From what I’m hearing, David Limbaugh’s new book, Crimes Against Liberty is THE must-read political book of this election year. After listening to his appearance on The Mark Levin Show, tonight, it sounds like a compact version of what I, and many other bloggers in the conservative blogosphere have been frantically writing about since Obama first appeared on our radar screens. This particular customer was something we’d never seen before as a candidate for high office in this country, (and I’m not talking about the color of his skin, or his “funny name”).
I, for one, realized he was a bad egg, the minute I saw his record of opposition to the Born Alive Infant Protection Act in Illinois. Then I noticed the unnerving pattern of radical supporters and commie friends. Then, I noticed the jarring ease in which he told bold-faced lies. And finally, I noticed his narcissistic qualities, and tendency to bully until he gets his way.
After Obama was elected, he was everything we had feared he would be, and then some.
David Limbaugh sums it all up in his just released book, Crimes Against Liberty: An Indictment of President Barack Obama, which immediately shot up to #2 on the Amazon best seller list.
In it, he pulls no punches… indeed, he told Mark Levin that he believed we were dealing with a de facto dictator, at this point. Levin agreed.
David Limbaugh’s appeared on Hannity, Monday, to promote the book:
Transcript, here.
Megyn Kelly interviewed Limbaugh, on Tuesday:
The Daily Caller is publishing a three part series of excerpts from the the book, part one is here.
A taste:
His abundantly documented radical background soured his taste on America, compelling him to believe America’s wealth and power were “inherited,” rather than inspired by America’s god-fearing founders, who crafted a government designed to establish and maximize individual liberties—a government that has been preserved with the blood, sweat, and tears of generations of Americans.

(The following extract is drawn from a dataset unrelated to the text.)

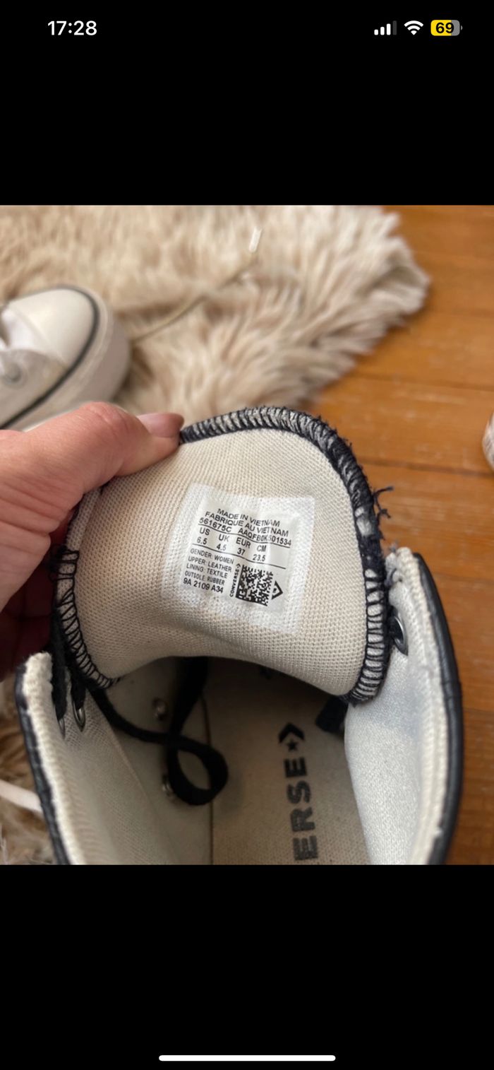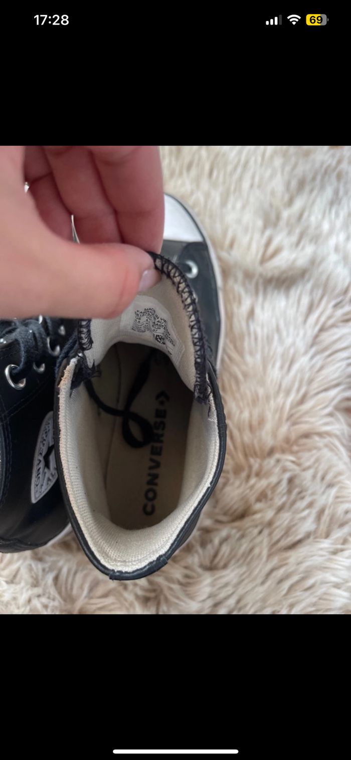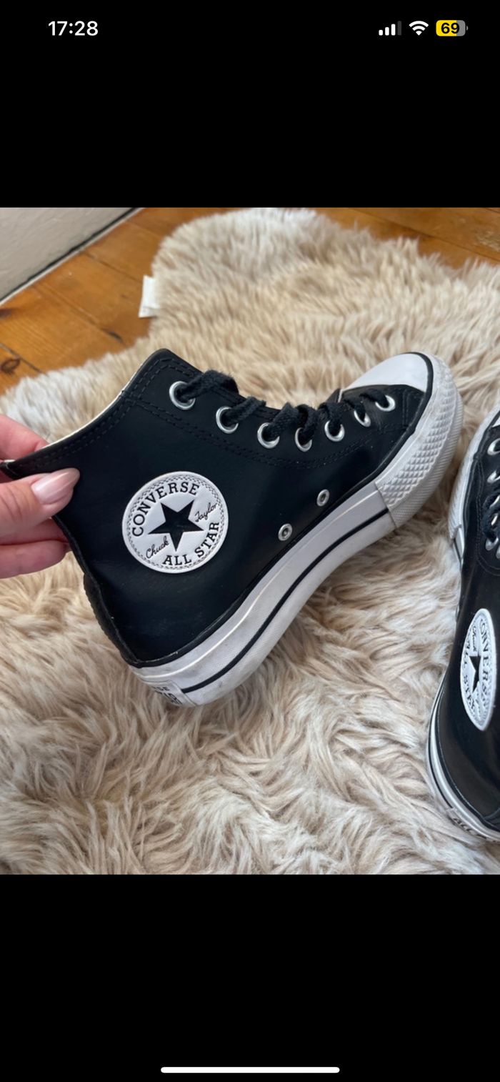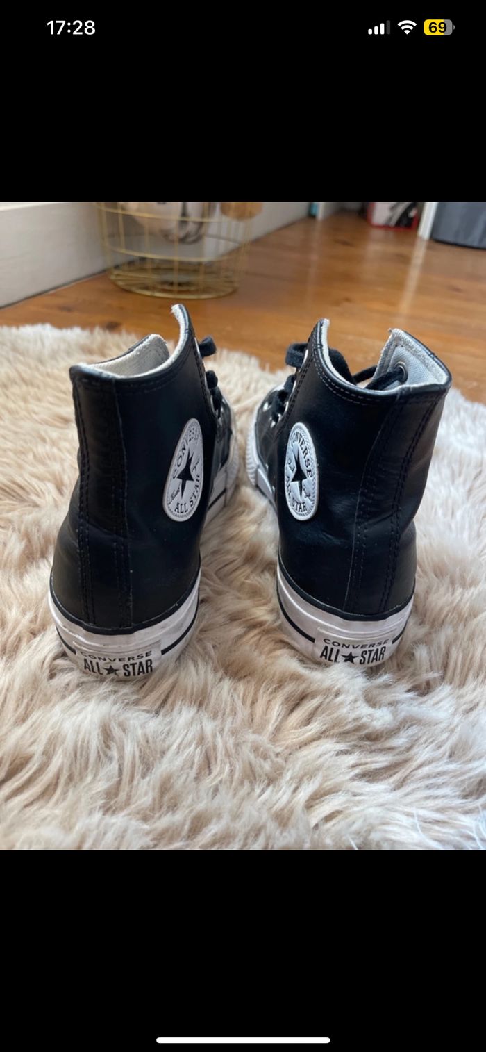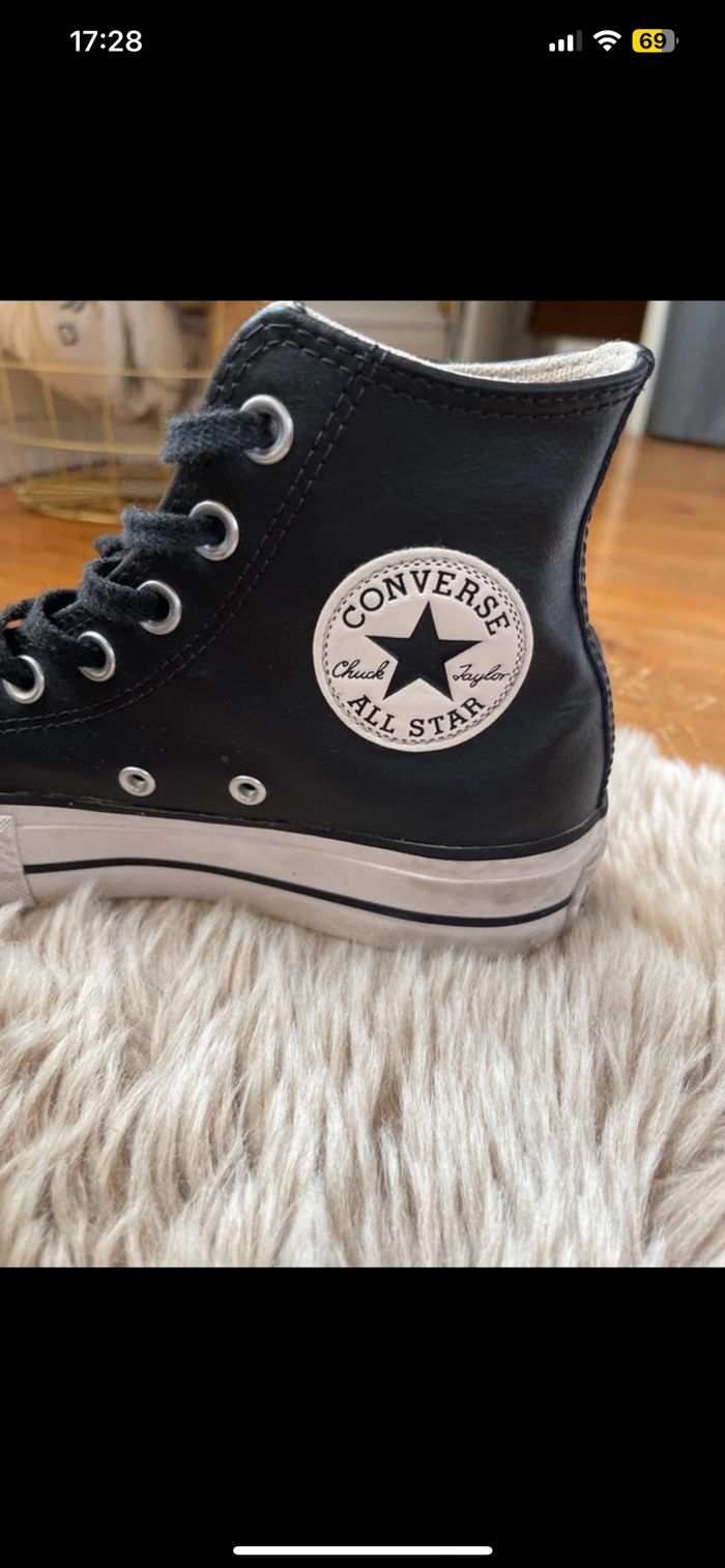 Converses en cuir en très bon état portée pas mal de fois mais reste en très bon état Taille 37 Négociable dans la limite du raisonnable 🌸

Ironically, Obama’s domestic policy, foreign policy, and national security prescriptions are the opposite of what America needs. In transforming America to “spread the wealth around,” he is actually spreading the misery around, burying us in debt, and potentially enslaving us to our foreign creditors.
He is reaping destruction in America’s culture, its Constitution, and in every sector of the American economy (save the public sector), administering one kick in the gut after another and inflicting damage from which it will be difficult to recover.
While holding himself out as a post-partisan, post-racial president, he has exacerbated racial tensions, inflamed partisan divisiveness, engaged in acrimonious class warfare, and demonized anyone to the political right of the late Ted Kennedy.
Who is Barack Obama? To say that he has an enormous ego is an understatement. Many commentators, including psychological analysts and foreign leaders, have described him as a narcissist.
Obama’s patent self-confidence is not just posturing. It’s evident he truly believes he is special. He did, after all, pen two largely autobiographical books before he had accomplished much of anything. He once told campaign aide Patrick Gaspard, “I think that I’m a better speechwriter than my speechwriters. I know more about policies on any particular issue than my policy directors. And I’ll tell you right now that . . . I’m a better political director than my political director.”
Obama’s belief that he is a gift to the world is a theme he would carry forward into his presidency. He truly believes he alone has the power to reverse the mess America has allegedly made of world affairs, and that only he can restore America’s supposedly tattered reputation.
Indeed, it often seems that for our president, American policy is not about the United States, but about him personally. At the Summit of the Americas, Obama sat through a 50-minute harangue against the United States by Nicaraguan President Daniel Ortega, who eviscerated the United States for a century of “terroristic” aggression in Central America. When it was Obama’s turn, he did not defend the United States, but made himself the issue: “I’m grateful that President Ortega did not blame me for things that happened when I was three months old.”